# The Full Potential of the R4512



## eatsawdust (Mar 16, 2012)

Wow, I think that never would have crossed my mind to do that! But I think if I were able to get a good deal on the saw and the fence I would probably do it. In my experience I think you are right the fence is the most important part of the saw, I have owned a Craftsman jobsite saw, Delta bench top, two Dewalts jobsite saws, a Bosch jobsite saw, a Ridgid 3650 and a Jet super saw, so I have experienced several types from owning them and have used a Unisaw, Ridgid portable and some Ryobi table saws. I also touched a Powermatic, Grizzly, and Sawstop in the showrooms but have not used them yet or owned one yet (one can certainly dream).


----------



## aatwatch (Mar 18, 2013)

Thanks for the encouragement! I am not trying to say that expensive saws are not worth the price I am just trying to open a dialogue about alternatives for an average joe budget. I have micro precision for 1300 bucks including the blade. Am I ridiculous or smart? Two different schools of thought I guess..


----------



## BrandonW (Apr 27, 2010)

Nice! But why is the old fence still attached to the side of the saw?


----------



## aatwatch (Mar 18, 2013)

I just threw it down there yesterday when I was clearing the stock rails for the install


----------



## sixstring (Apr 4, 2012)

Those Incra fence systems are very impressive… it's a stupid gripe of mine but man do i hate that gold color, especially since it seems to match my Powermatic saw so well. I just have a Vega fence which I cant complain much about.

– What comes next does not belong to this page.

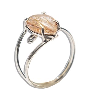 Anel Gota Pedra Rutilo no Quartzo Prata 950 Aro Ajustável, Pedra Rutilo Dourado Incrustado no Quartzo Cristal Gema Gota Cabochão Lisa Natural de garimpo, com lapidação manual aro ajustavel ao dedo serve do 10 ao 30 Prata de lei.
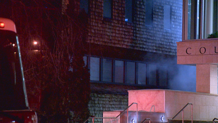 The fire department received a 911 call just after 6:30 a.m. on Thursday for a report of a fire outside a building in the 500-block of Spadina Crescent.

Way to upgrade the Ridgid… You should send them a pic of how nice their machine can be set up.


----------



## aji (Feb 9, 2011)

I have one installed on a Bosch 4100


----------



## a1Jim (Aug 9, 2008)

It's all about what works for each of us. You don't have to have a $10,000 saw for it to meet your needs.


----------



## aatwatch (Mar 18, 2013)

"Like" Button to a1Jim


----------



## RUINTUIT (Jan 2, 2009)

Same set up with these differences: Craftsman table saw, BenchDog Router table and fence on the left end with a RouterFX lift holding a PC 892. I love the entire setup, except the weight of the saw and the power. Too light, too weak. I get everything done that I set out to do, but there is always a reset on the power source if I'm doing anything larger than 2". Also using WWII. My dream saw is a simple Grizz 690, with Incra Fence, and the same router extension setup. Just have to get some 220 wired to the garage. The Rigid looks good with the gold. I never hesitate with not installing the stock fence in favor of the Incra if I were to pull the trigger on the grizzly.


----------



## RibsBrisket4me (Jul 17, 2011)

Props to you Jason and also to aji, for making your saws all YOU want them to be!!

Thanks for sharing!!!


----------



## dczward (May 23, 2011)

I'm a Craftsman 21833 owner (same saw) with a LS-TS too. Great upgrade. One day I'll move the Incra over to a 3HP Sawstop, but until then, it's a great setup.


----------



## aji (Feb 9, 2011)

I really want a cabinet saw with the incra but the problem is i cant find one here in the Philippines. 
My only option is to import one from the US but the shipping and tax would double the price. Had to get the 4100 instead and i'm happy with it especially with the incra.


----------



## klassenl (Feb 13, 2011)

I like extension cords and the power bar behind our saw.


----------



## muleskinner (Sep 24, 2011)

I can't figure out why you'd prepare yourself for criticism. If the blade spins true on a Home Depot saw, I can't see where it would be less legitimate to trick it out than it would be on some 'trophy' saw.


----------



## aatwatch (Mar 18, 2013)

I view it that way as well.. It's just that the fence system alone cost more than the saw so I figured it would look funny.. turns out the only criticism i have received is for the extension cord powering a shop light in the background go figure


----------



## longgone (May 5, 2009)

An Incra fence system is great and it will improve any saw as some of the previous posts show. The good thing is that it can be be removed and placed on a different saw if you decide to change saws. I had a Incra fence on my Grizzly cabinet saw. When I put it on I kept the stock fence …knowing I would put it back on when i sold the Grizzly.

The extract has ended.